■ **WORK REQUIRED**
Before writing anything, find the line that contains "TwitterBookmarks es un", then retype the entries below exactly from their first line through that one, without pictures.

··· INPUT DATA

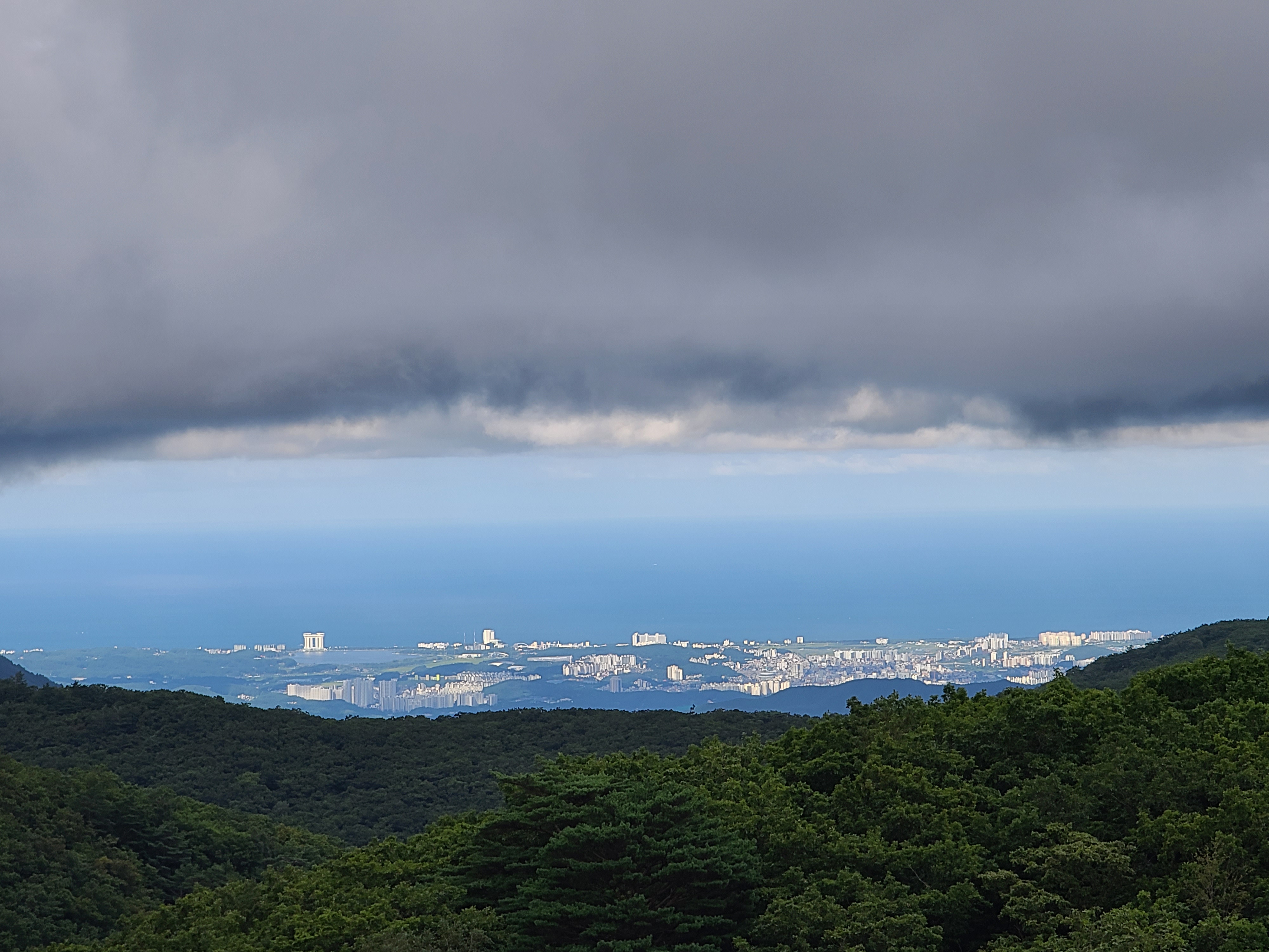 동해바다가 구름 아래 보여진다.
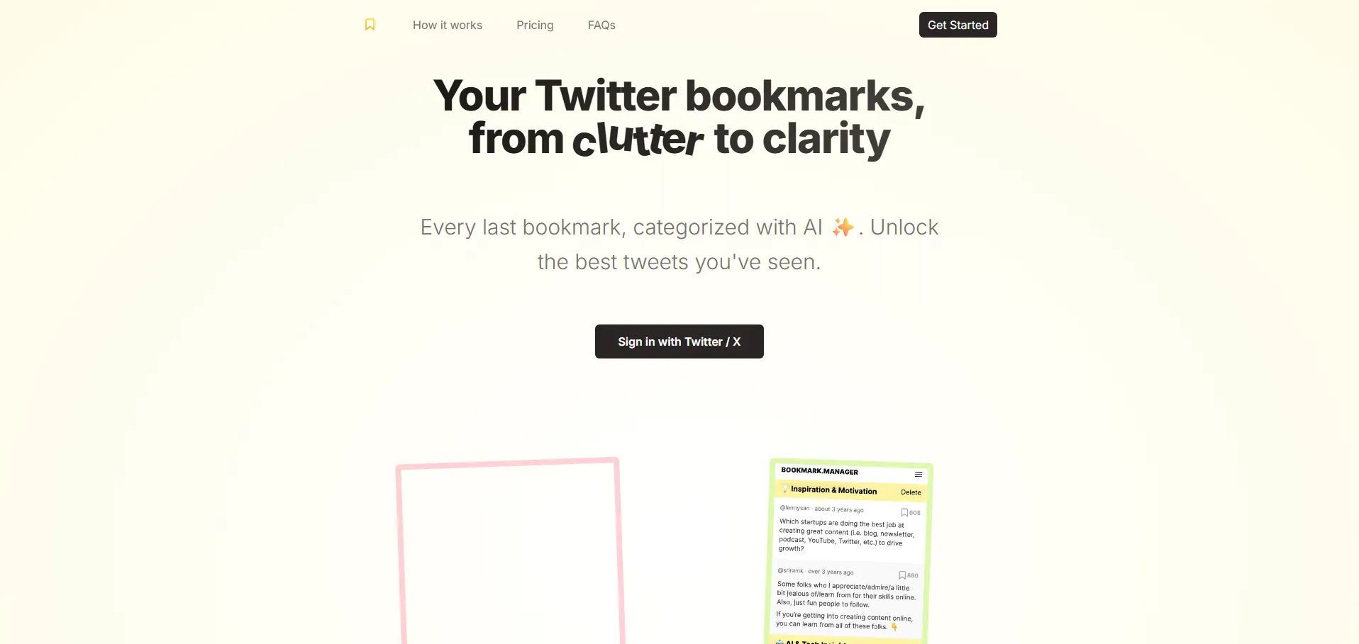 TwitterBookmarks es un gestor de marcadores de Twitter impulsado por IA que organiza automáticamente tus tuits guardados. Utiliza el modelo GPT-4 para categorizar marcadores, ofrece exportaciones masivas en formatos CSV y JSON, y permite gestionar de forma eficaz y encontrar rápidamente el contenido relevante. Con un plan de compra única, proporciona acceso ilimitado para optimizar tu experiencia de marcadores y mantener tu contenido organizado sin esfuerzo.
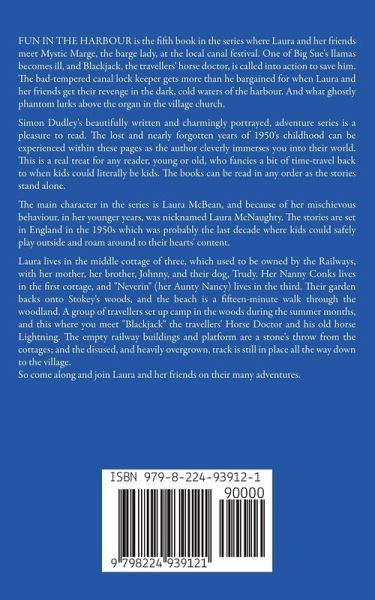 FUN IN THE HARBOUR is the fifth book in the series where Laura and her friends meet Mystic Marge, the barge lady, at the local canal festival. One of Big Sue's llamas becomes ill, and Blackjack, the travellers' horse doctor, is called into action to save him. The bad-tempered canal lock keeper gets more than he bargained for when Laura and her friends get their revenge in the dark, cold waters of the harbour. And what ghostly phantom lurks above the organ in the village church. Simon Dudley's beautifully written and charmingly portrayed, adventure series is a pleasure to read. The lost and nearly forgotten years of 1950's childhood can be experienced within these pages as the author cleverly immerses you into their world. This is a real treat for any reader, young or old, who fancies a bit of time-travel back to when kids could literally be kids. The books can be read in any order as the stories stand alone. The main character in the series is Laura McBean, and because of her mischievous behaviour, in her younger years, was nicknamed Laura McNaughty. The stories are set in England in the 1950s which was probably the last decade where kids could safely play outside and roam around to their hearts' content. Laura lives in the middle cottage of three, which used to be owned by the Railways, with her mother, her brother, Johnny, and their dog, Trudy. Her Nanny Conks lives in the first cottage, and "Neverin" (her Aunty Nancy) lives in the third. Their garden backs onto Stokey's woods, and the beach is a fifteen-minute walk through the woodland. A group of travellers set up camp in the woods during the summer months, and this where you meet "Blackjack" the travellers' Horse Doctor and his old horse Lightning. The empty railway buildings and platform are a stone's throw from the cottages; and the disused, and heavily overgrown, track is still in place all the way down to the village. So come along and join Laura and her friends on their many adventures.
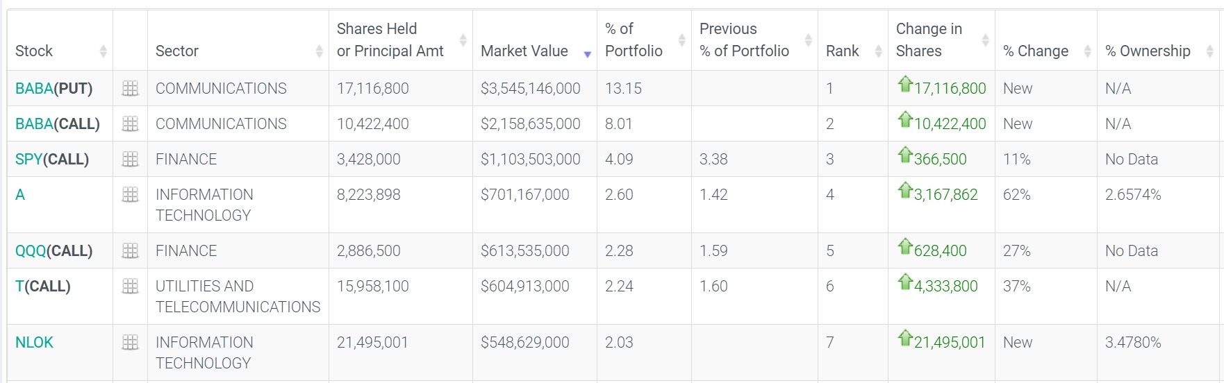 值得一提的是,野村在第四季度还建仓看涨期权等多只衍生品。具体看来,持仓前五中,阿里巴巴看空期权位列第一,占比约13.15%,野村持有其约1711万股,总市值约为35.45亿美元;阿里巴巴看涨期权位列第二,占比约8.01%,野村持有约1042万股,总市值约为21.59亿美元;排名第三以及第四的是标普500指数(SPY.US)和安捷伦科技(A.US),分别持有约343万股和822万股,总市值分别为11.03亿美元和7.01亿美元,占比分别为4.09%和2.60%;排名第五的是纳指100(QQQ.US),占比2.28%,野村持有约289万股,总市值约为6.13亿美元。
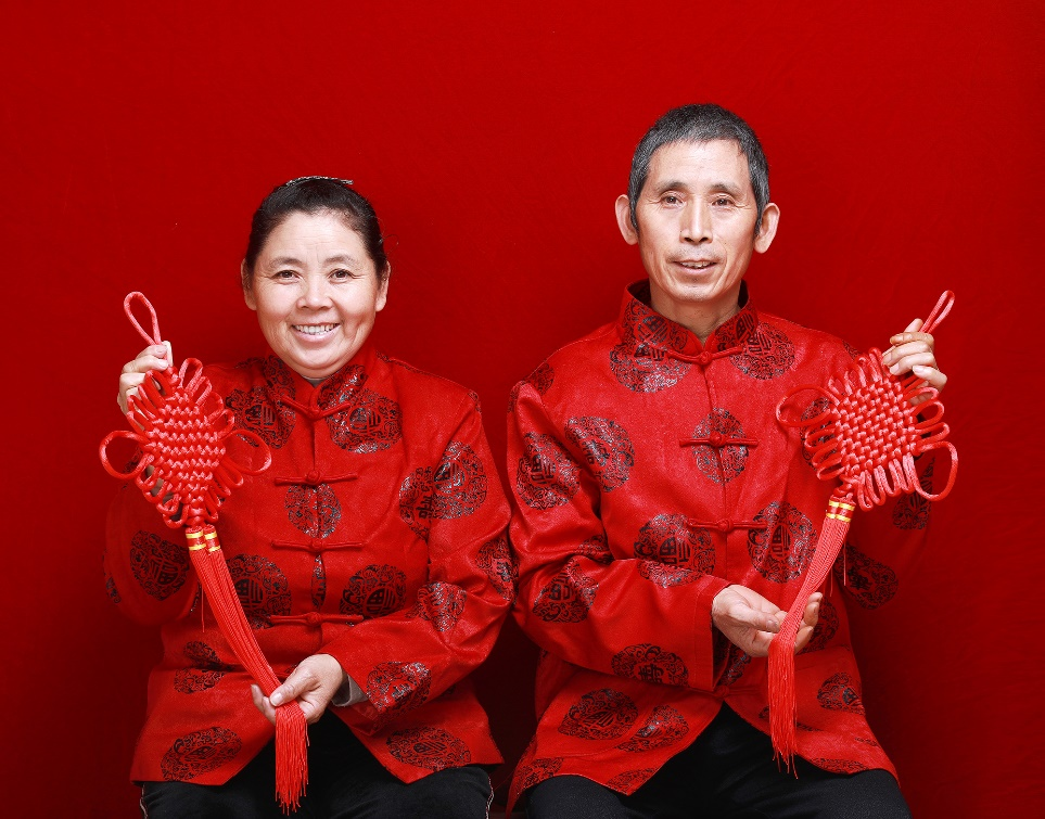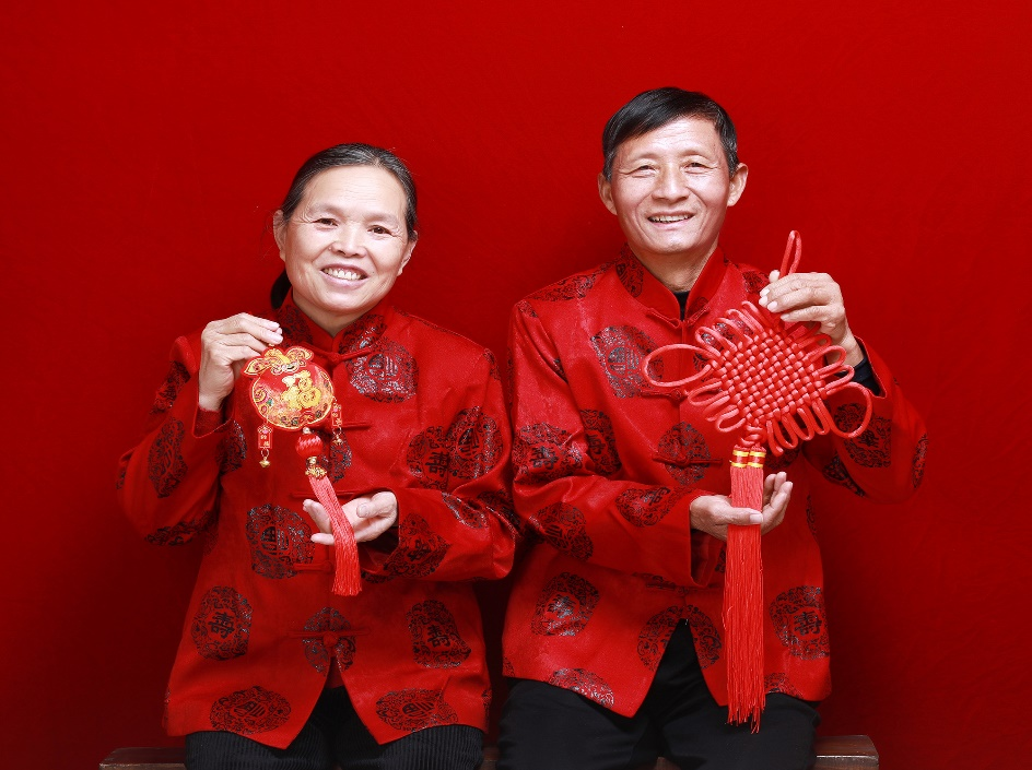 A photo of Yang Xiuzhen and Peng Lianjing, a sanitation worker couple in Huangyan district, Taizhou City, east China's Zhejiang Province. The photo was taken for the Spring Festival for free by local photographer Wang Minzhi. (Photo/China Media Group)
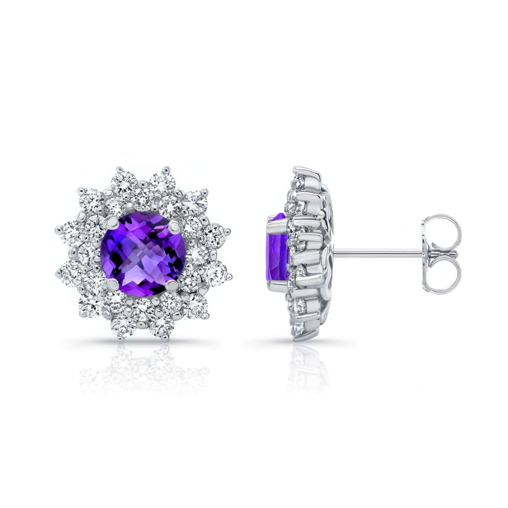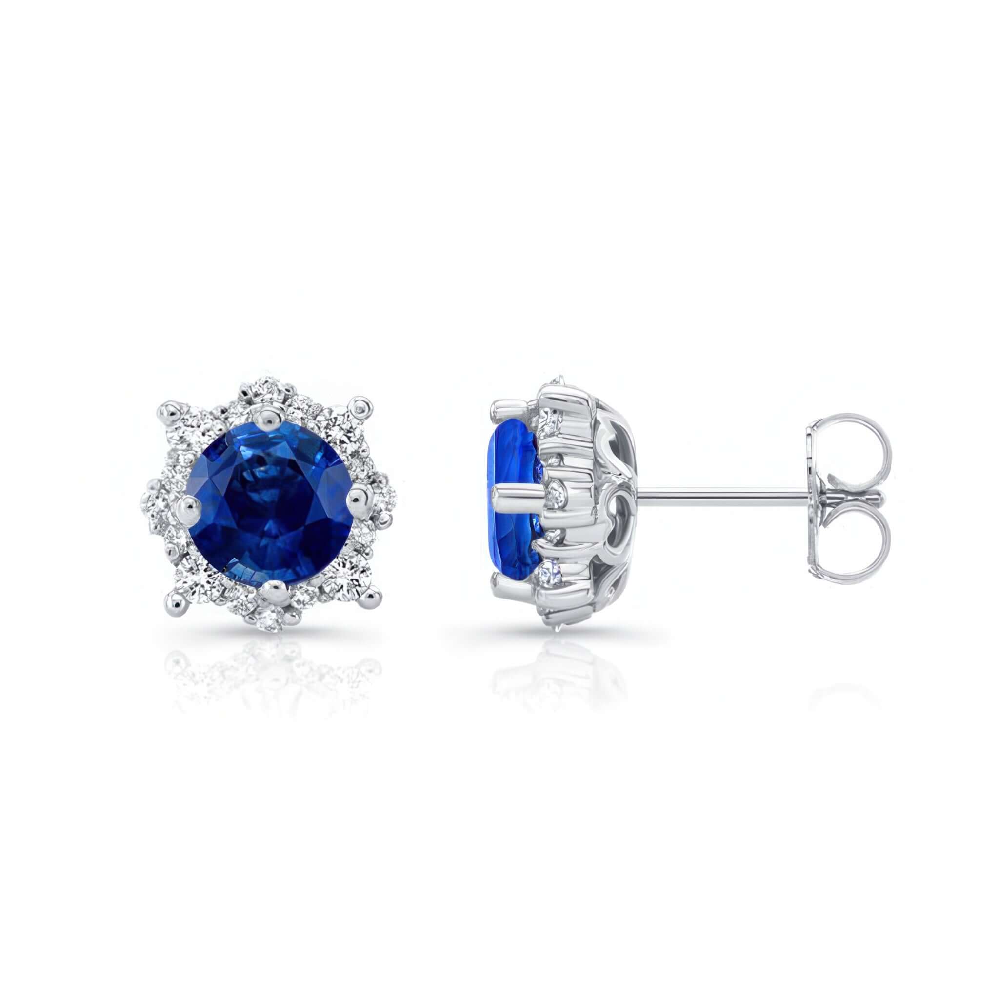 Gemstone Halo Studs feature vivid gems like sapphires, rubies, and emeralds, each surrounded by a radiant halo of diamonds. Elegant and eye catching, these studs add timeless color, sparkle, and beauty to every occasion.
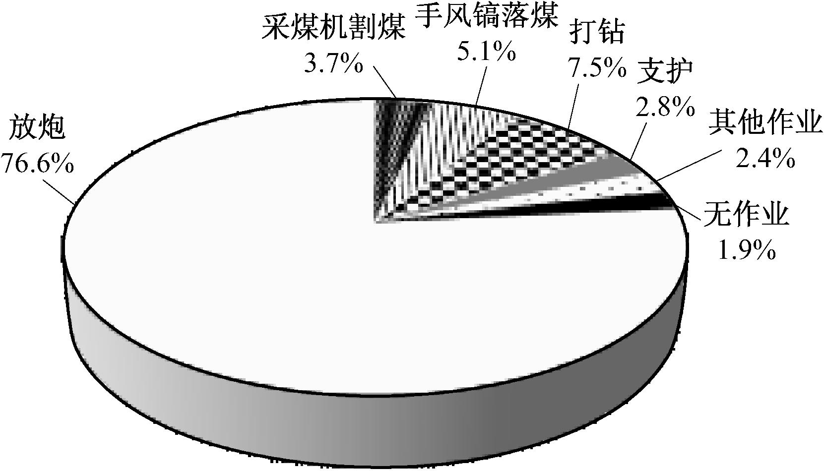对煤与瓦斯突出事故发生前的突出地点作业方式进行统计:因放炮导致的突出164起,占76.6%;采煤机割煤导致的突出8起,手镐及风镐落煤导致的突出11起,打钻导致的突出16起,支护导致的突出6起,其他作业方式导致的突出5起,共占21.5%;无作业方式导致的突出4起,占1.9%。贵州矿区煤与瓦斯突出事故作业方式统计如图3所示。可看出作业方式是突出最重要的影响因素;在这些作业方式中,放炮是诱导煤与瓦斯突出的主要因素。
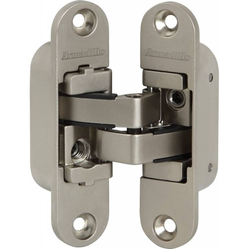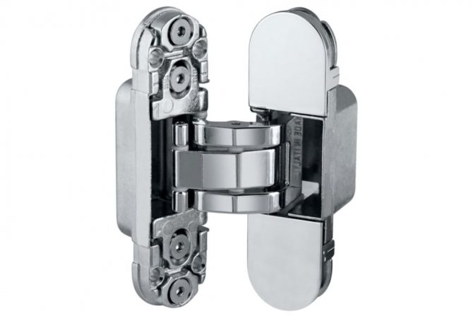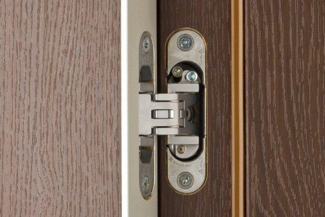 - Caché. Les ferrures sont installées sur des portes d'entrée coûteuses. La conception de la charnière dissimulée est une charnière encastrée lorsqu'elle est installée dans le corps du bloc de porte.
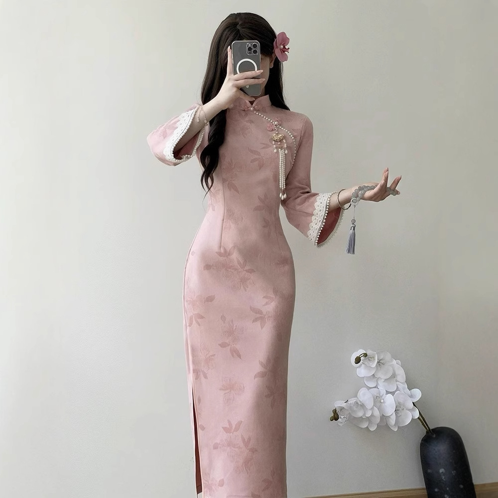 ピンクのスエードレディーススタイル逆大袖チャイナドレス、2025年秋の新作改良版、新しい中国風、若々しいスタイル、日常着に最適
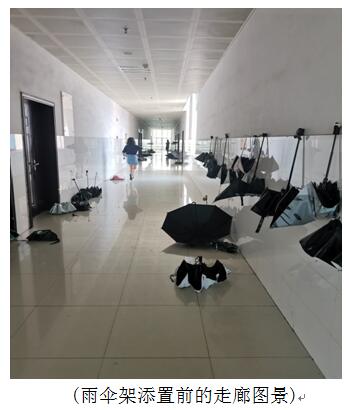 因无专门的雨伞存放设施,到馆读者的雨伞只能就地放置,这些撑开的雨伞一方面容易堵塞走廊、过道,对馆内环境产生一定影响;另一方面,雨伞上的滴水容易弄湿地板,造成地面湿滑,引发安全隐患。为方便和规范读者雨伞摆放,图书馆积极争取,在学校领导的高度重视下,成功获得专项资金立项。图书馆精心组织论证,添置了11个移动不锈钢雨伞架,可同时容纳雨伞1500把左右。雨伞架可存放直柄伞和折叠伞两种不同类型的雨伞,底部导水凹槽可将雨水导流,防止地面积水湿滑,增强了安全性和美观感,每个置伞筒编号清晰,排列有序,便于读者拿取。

······

■ **TASK RESULT**
 동해바다가 구름 아래 보여진다.
 TwitterBookmarks es un gestor de marcadores de Twitter impulsado por IA que organiza automáticamente tus tuits guardados. Utiliza el modelo GPT-4 para categorizar marcadores, ofrece exportaciones masivas en formatos CSV y JSON, y permite gestionar de forma eficaz y encontrar rápidamente el contenido relevante. Con un plan de compra única, proporciona acceso ilimitado para optimizar tu experiencia de marcadores y mantener tu contenido organizado sin esfuerzo.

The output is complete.